[Seaside] [BUG] in IAHtmlParser

Fri, 29 Mar 2002 14:14:14 -0800 (PST)

On Fri, 29 Mar 2002, Damon Anderson wrote:

> One particularly invalid use of HTML that I see constantly is sticking
> <FORM> and related tags in between bits of the table. The browser
> doesn't render anything between <TR> and <TD>, for example, so the
> paragraph breaks that <FORM> normally puts into the document don't ruin
> the careful table-based formatting that the designer is attempting. And
> I've seen opening <FORM>s at a different "level" in the table than the
> closing </FORM>, which causes tag overlap like above.

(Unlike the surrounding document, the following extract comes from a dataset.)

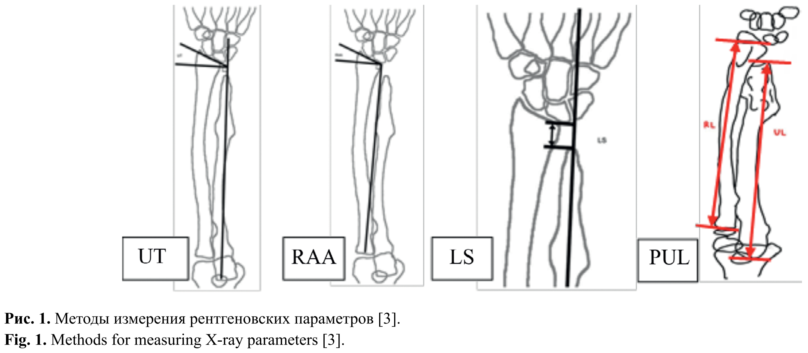 Всем больным проводилась рентгенография костей предплечья с проведением ангулометрии до и после оперативного лечения. Рентгенография костей предплечья и кисти выполнялась в прямой и боковой проекции с захватом суставов кисти и локтевого сустава. Для анализа использовались 4 рентгеновских параметра, которые можно использовать как предикторы вывиха головки ЛуК и нестабильности лучелоктевого сустава (рис. 1). Первые два параметра — локтевой наклон (ulnar tilt, UT) и лучезапястный суставной угол (radioarticular angle, RAA) — являются показателями, отражающими наклон фасетки лучезапястного сустава и тяжесть осевой деформации ЛуК. Другие параметры: полулунная дистанция (lunate subsidence, LS) и пропорциональная длина ЛоК (proportional ulnar length, PUL) — отношение длины ЛоК к длине ЛуК — тесно связаны друг с другом и отражают укорочение ЛоК.

It's totally
> wrong, but if the browser accepts it why can't the parser? That's the
> reaction I get from the designers, anyway.

Hmm, yes, that breaks things pretty badly.  Thanks for the example, it's
about to be added to the unit tests.

> Also, I meant catch-up to the browser, not to the spec. And not only the
> browser, but anything else which is going to be processing the HTML
> after my parser had gotten its hands on it: ColdFusion, JSP, etc. I
> don't think that a parser can realistically keep up with all of those
> variations. (This doesn't apply to seaside, of course, I'm just
> justifying my decisions at this point.)

Absolutely true.  In the case where you're dealing with non-HTML tags,
trying to follow a spec is madness.

> That's the kind of situation where I think a lax parser is necessary. It
> definitely isn't ideal at all, but thinking about how the next *TML
> standard will make things easier doesn't get the project done today. I
> don't mean any offense, I'm just trying to be realistic.

No offense taken.  I think we agree on the goals, just not on the way to
achieve them.  I too think the parser should be as lax as possible, but I
think of not requiring explicit </p> tags as being more lax, not less.  I
do want the parser to be able to reasonably handle whatever HTML the
designers throw it, although in the case of Seaside we can assume that
this only includes known HTML tags, not CFML, JSP, etc.  The first step is
to take part of your advice and store dangling close tags as text - this
should satisfy the byte-identical output constraint.  However, if the
structure of something as awful as "<tr><form><td>foo</td></tr></form>" is
ever significant (say those tr and td are both repeating), I really have
no clue how to properly handle that... I don't think either of our
approaches will always build a useful tree from such stuff.

I wonder if there's some selective broadening that could be done to the
spec to handle such cases better while still being smart about things like
omitted </li> tags?